Friday, Sep. 01, 1967
Shrinking Giants
Wherever they have operated in the Congo, they are known as "the white giants." But for all their fierce reputation, Colonel Jean ("Black Jack") Schramme and his band of white mercenaries are beginning to look a lot less tall. Not that the Congolese army is cutting them down to size; the swaggering "meres" could probably hang on for a while at Bukavu, the old resort town on the Congo's eastern frontier where they holed up three weeks ago. President Joseph Mobutu's regulars are bothering them so little that the only raiding that the mercenaries have been doing has been in Bukavu's abandoned wine cellars.
But time is all on the side of the Congolese troops--however reluctant they are to attack. Only two weeks ago, Schramme proclaimed that his mission was to bring down Mobutu's "dictatorial and tribal" regime, and restore Moise Tshombe to his rightful place in a "democratic" Congo. Now Schramme has abandoned that ambitious task and an nounced his willingness to call off the two-month-old revolt in exchange for an amnesty and a safe conduct for his men, including an estimated 1,000 Katangese gendarmes.
Nazi State. Schramme seems to have given up his long-held hope that other mercenaries operating out of Angola will open up a second front. And he knows that he and his men cannot take over the country on their own.

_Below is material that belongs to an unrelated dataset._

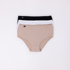 Este kit exclusivo acompanha três calçolas senhora do mesmo modelo, nas cores areia, preta e branca. Desenvolvidas para proporcionar máximo conforto, as calçolas possuem cós largo que oferece ajuste perfeito, garantindo que a peça não enrole ou aperte, adaptando-se suavemente à silhueta.

He also knows that his departure can come none too soon for the 80,000 non-Africans still in the Congo. To many Congolese these days, the words mercenaries and whites are synonymous, and whites and Asians alike realize that they are in mortal peril from revenge-seeking Africans as long as the mercenaries mock Congolese sovereignty.
Three young Belgians who strayed into the eastern Congo recently while studying African tribal life were summarily executed only hours after their arrest by Congolese troops. A Belgian mining technician and his wife were murdered a few days later. Belgian officials barely bothered to protest. With more than 20 whites killed by Congolese soldiers since the mercenary rebellion began, Brussels has just about lost all confidence in the ability or will of Mobutu and his government to protect whites. "Sometimes," sighed a white resident of the Katanga provincial capital of Lubumbashi last week, "we feel as though this is a Nazi state and we are the Jews."
Under the circumstances, the most promising tactic for Schramme and his men would be to scram. The big question is how to arrange their escape. At week's end the U.S. and other embassies were putting pressure on the Congo's eastern neighbor, Rwanda, to permit the meres to cross the border and be evacuated by plane.